Too partial friend! fain would I follow thee
Past each horizon of fine poesy;
Fain would I echo back each pleasant note
As o'er Sicilian seas, clear anthems float
'Mong the light skimming gondolas far parted,
Just when the sun his farewell beam has darted:
But 'tis impossible; far different cares
Beckon me sternly from soft "Lydian airs,"
And hold my faculties so long in thrall,
That I am oft in doubt whether at all
I shall again see Phoebus in the morning:
Or flush'd Aurora in the roseate dawning!
Or a white Naiad in a rippling stream;
Or a rapt seraph in a moonlight beam;
Or again witness what with thee I've seen,
The dew by fairy feet swept from the green,
After a night of some quaint jubilee
Which every elf and fay had come to see:
When bright processions took their airy march
Beneath the curved moon's triumphal arch.

But might I now each passing moment give
To the coy muse, with me she would not live
In this dark city, nor would condescend
'Mid contradictions her delights to lend.
Should e'er the fine-eyed maid to me be kind,
Ah! surely it must be whene'er I find
Some flowery spot, sequester'd, wild, romantic,
That often must have seen a poet frantic;
Where oaks, that erst the Druid knew, are growing,
And flowers, the glory of one day, are blowing;
Where the dark-leav'd laburnum's drooping clusters
Reflect athwart the stream their yellow lustres,
And intertwined the cassia's arms unite,
With its own drooping buds, but very white;
Where on one side are covert branches hung,
'Mong which the nightingales have always sung
In leafy quiet: where to pry, aloof,
Atween the pillars of the sylvan roof,
Would be to find where violet beds were nestling,
And where the bea with cowslip bells was wrestling.
There must be too a ruin dark, and gloomy
To say "joy not too much in all that's bloomy."

Yet this is vain--O Mathew, lend thy aid
To find a place where I may greet the maid--
Where we may soft humanity put on,
And sit, and rhyme and think on Chatterton;
And that warm-hearted Shakespeare sent to meet him
Four laurell'd spirits, heaven-ward to intreat him.
With reverence would we speak of all the sages
Who have left streaks of light athwart their ages:
And thou shouldst moralize on Milton's blindness,
And mourn the fearful dearth of human kindness
To those who strove with the bright golden wing
Of genius, to flap away each sting
Thrown by the pitiless world.

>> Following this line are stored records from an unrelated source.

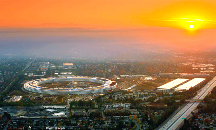 Apple Park в Купертино — новая штаб-квартира компании Apple. Согласно проекту в новом здании площадью 260 тысяч квадратных метров будут работать более 12 тысяч сотрудников компании. Помимо офисов на территории кампуса также расположатся фитнес-центр, концертный зал, научно-исследовательская лаборатория, кафе, комнаты отдыха и другие инфраструктурные объекты.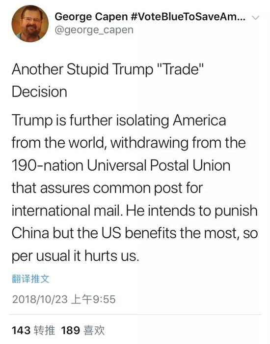 又是一个愚蠢的“贸易”决定。特朗普正进一步让美国与世隔绝,要退出涵盖190个国家、确保国际邮政业务的万国邮政联盟。他本打算惩罚中国,但其实美国受益最多,所以每次伤害的都是我们自己。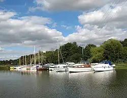 The Lowestoft to Norwich railway line runs through the parish close to the Waveney, crossing the river at Somerleyton Swing Bridge. Somerleyton railway station on the edge of the village has operated since 1847.[1] The lines passes close to Cockerell's boatyard, Somerleyton Marina, and the site of the former Somerleyton brickworks which produced bricks for the buildings such as Liverpool Street railway station. The brickworks closed in 1939 and the chimneys were subsequently demolished.[22][24][26]

We next could tell
Of those who in the cause of freedom fell;
Of our own Alfred, of Helvetian Tell;
Of him whose name to ev'ry heart's a solace,
High-minded and unbending William Wallace.
While to the rugged north our musing turns
We well might drop a tear for him, and Burns.

Felton! without incitements such as these,
How vain for me the niggard muse to tease:
For thee, she will thy every dwelling grace,
And make "a sun-shine in the shady place":
For thou wast once a flowret blooming wild,
Close to the source, bright, pure, and undefil'd,
Whence gush the streams of song: in happy hour
Came chaste Diana from her shady bower,
Just as the sun was from the east uprising;
And, as for him some gift she was devising,
Beheld thee, pluck'd thee, cast thee in the stream
To meet her glorious brother's greeting beam.
I marvel much that thou hast never told
How, from a flower, into a fish of gold
Apollo chang'd thee; how thou next didst seem
A black-eyed swan upon the widening stream;
And when thou first didst in that mirror trace
The placid features of a human face:
That thou hast never told thy travels strange,
And all the wonders of the mazy range
O'er pebbly crystal, and o'er golden sands;
Kissing thy daily food from Naiad's pearly hands.